Além disso, existe a confusão em relação à estrutura do órgão, lembra Fernanda. Ela reforça que vulva se refere à parte externa, e vagina à interna.
— Esse deve ser um produto para a aplicação na vulva. O cheiro característico da mulher está relacionado a muitos fatores, inclusive sendo proveniente da parede vaginal. Duchas não são recomendadas, quanto mais aplicação de produtos com intuito de "amenizar" odores. É um mecanismo de defesa natural. O que estamos querendo tirar? O cheiro normal da mulher? Acho bem complicada e muito questionável essa necessidade de tirar os odores naturais. O risco que isso pode trazer é atrapalhar o mecanismo próprio de defesa da região — explica.
Por fim, alerta para mais um ponto relevante sobre o uso do produto: mascarar o cheiro e, assim, atrapalhar possíveis diagnósticos de alterações na região.
— Pode atrapalhar a mulher de perceber que está com um cheiro diferente, de perceber que a secreção está com um odor mais forte. Acho isso muito ruim e eu não recomendaria – salienta.
Dermatologista recomenda cautela
A dermatologista Márcia Donadussi pontua que, mesmo sem álcool e parabenos, o produto provavelmente tem conservantes.
— A fragrância em si é um processo químico. Tem que ter cuidado — sublinha ela.
Para a médica, o perfume íntimo não necessariamente vai fazer mal, mas precisa ser aplicado com parcimônia na região externa, na perna, e nunca na mucosa, com cuidado especial para que não caia nos pequenos lábios.
Além disso, pessoas que tenham histórico de alergia, que estejam com algum fungo, foliculite ou ferida aberta ou que tenham se depilado recentemente com cera ou lâmina devem evitar o uso.
Alternativas
A ginecologista Simone Vaccaro ainda aponta que, se a intenção é diminuir o odor da região, existem soluções mais básicas, como a própria depilação.
— A pele da vulva, onde estão os pelos, assim como todo o restante da nossa epiderme, é composta por bactérias. Essas bactérias, em alguns locais do nosso organismo, têm maior concentração. É o caso das axilas e da virilha. Então, mais do que usar perfumes íntimos, a paciente tem que ter uma boa higiene na região. Muitas vezes, isso passa por encurtar os pelos, que, quando muito longos, podem proteger contra atritos e entrada de germes no canal da vagina, mas, por outro lado, podem propiciar maior acúmulo de secreções e de bactérias. Por isso, causam mais suor e odor — aponta.

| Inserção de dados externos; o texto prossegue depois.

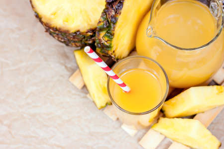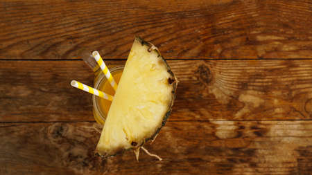 Pineapple juice and slice placed on a wooden table

Caso a paciente transpire muito na região, Simone costuma indicar o uso de talco antisséptico, que baixa a multiplicação das bactérias. Com um cuidado: o produto precisa ser passado nas coxas ou na região alta do monte pubiano, e não dentro dos lábios da vagina.
— A meu ver, é mais promissor do que perfumaria — diz a médica, que também recomenda o uso de perfume na própria roupa, caso a mulher deseje um cheiro diferente sem prejudicar a saúde íntima.